House Subcommittee on Energy Mulls Legislation to Modernize Hydropower Infrastructure and Streamline Permitting

On May 3, 2017, the House Energy and Commerce Subcommittee held a hearing to examine a suite of proposed legislation aimed at incentivizing development of hydropower in the United States.  A Committee Majority Staff memorandum dated May 1, 2017, describes hydropower as “an essential component” of the United States’ “‘all of the above’ energy strategy,” but notes that testimony before the Subcommittee has indicated that the Federal Energy Regulatory Commission’s licensing process is costly, complex, and slow.  The hearing explored opportunities, including draft legislation, aimed at removing regulatory impediments and encouraging new investment in hydropower:

  • H.R. ___, Hydropower Policy Modernization Act of 2017, which in part would give FERC authority to extend preliminary license terms and project construction deadlines, require FERC to consider a broader range of project-related investments in establishing the license term for a hydro project, and designate FERC as the lead agency for coordinating all applicable federal authorizations for hydropower projects;
  • H.R. ___, Promoting Hydropower Development at Existing Non-Powered Dams Act, which would authorize FERC to grant exemptions from licensing requirements to qualifying projects that energize existing, non-powered dams and limit the conditions imposed on projects granted such exemptions;
  • H.R. ___, Promoting Closed-Loop Pumped Storage Hydropower Act, which would limit FERC’s ability to impose license conditions on closed-loop pumped storage projects unless necessary to protect public safety, or reasonable, economically feasible, and essential to prevent loss of or damage to, or to mitigate adverse impacts to, fish and wildlife resources; and
  • H.R. ___, Promoting Small Conduit Hydropower Facilities Act of 2017, which defines a new subcategory of qualifying conduit hydropower facilities that are 2 MW or fewer—i.e., “qualifying small conduit hydropower facilities”—and creates a faster FERC permitting process for such facilities.

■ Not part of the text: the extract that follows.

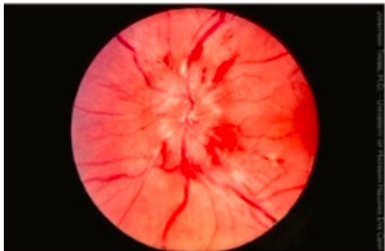Papilledema is swelling of the optic disc due to increased intracranial pressure. The clinical symptoms of headaches and blurred vision combined with fundoscopic findings of swollen optic disc would be most consistent with papilledema. The other options provided have distinct clinical and fundoscopic presentations different from the scenario described.

Witnesses included hydropower industry representatives as well as Terry Turpin, Director of the FERC Office of Energy Projects, and John Katz, FERC Deputy Associate General Counsel.  If enacted, the legislation will build on efforts already underway at the agency level to streamline hydro permitting.

Additionally, several of the bills would authorize FERC to grant extensions of mandatory construction deadlines for the following hydroelectric projects:

  • H.R. 446, related to the planned Flannagan Hydro Project on the Pound River near Clintwood, Virginia;
  • H.R. 447, related to the planned Gathright Hydro Project on the Jackson River in Alleghany County, Virginia; and
  • H.R. 2122, related to Jennings Randolph Hydro Project on the North Branch of the Potomac River near Barnum, West Virginia and Swanton, Maryland.

Additional topics discussed at the hearing included contemplated legislation to revamp permitting for cross-border oil, natural gas, and electric transmission facilities, and to revise the siting process for interstate natural gas pipelines.

A preliminary transcript of the hearing is available on the House website.